Welcome to GravIS, the Gravity Information Service of the German Research Centre for Geosciences (GFZ), in collaboration with the Alfred-Wegener-Institut (AWI) and Technische Universität Dresden. Data products derived from the gravimetric Earth observation satellite missions GRACE and GRACE-FO are widely used by scientists and other interested users to study mass variations in the Earth system. However, processing of GRACE/GRACE-FO data into user-friendly products for dedicated geophysical applications is nontrivial, neither when starting from original satellite observations nor from the level of gravity field products. In order to enable the usage of satellite gravimetry data for a broader community, user-friendly ('Level-3') products are generated by various institutions.
GravIS visualizes and describes Level-3 products based on the most recent GRACE and GRACE-FO data release from GFZ. In addition, Level-3 products based on the most recent release of combined GRACE models from COST-G are offered as well.
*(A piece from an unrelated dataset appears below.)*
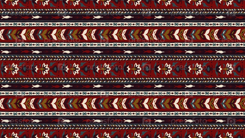 Геометрический фольклорный орнамент икат. Племенная этническая векторная текстура. Бесшовный полосатый узор в стиле ацтеков. Рисунок племенной вышивки. Индийский, скандинавский, цыганский, мексиканский, народный узор

The products presented at GravIS are available for download at GFZ's Information System and Data Center (ISDC).
The Gravity Recovery and Climate Experiment (GRACE; 2002 - 2017) and its Follow-On mission (GRACE-FO; launched in May 2018) typically provide monthly independent estimates of the Earth's global gravity field. Differences between consecutive months are caused by mass redistribution and mass transport in the Earth system, particularly in the geophysical fluid layers of the atmosphere, oceans, and continental hydrosphere.
GRACE/GRACE-FO data processing is structured into sensor data analysis (Level-0 to Level-1), global gravity field estimation (Level-1 to Level-2), and geophysical mass anomaly inversion (Level-2 to Level-3). Level-3 products at GravIS comprise gridded mass anomalies as well as basin average time series and are available for terrestrial water storage over non-glaciated regions, bottom pressure variations in the oceans, and ice-mass changes in both Antarctica and Greenland. In order to achieve the highest possible accuracy of the mass anomalies, several post-processing steps have been applied to the Level-2 spherical harmonic coefficients before inversion.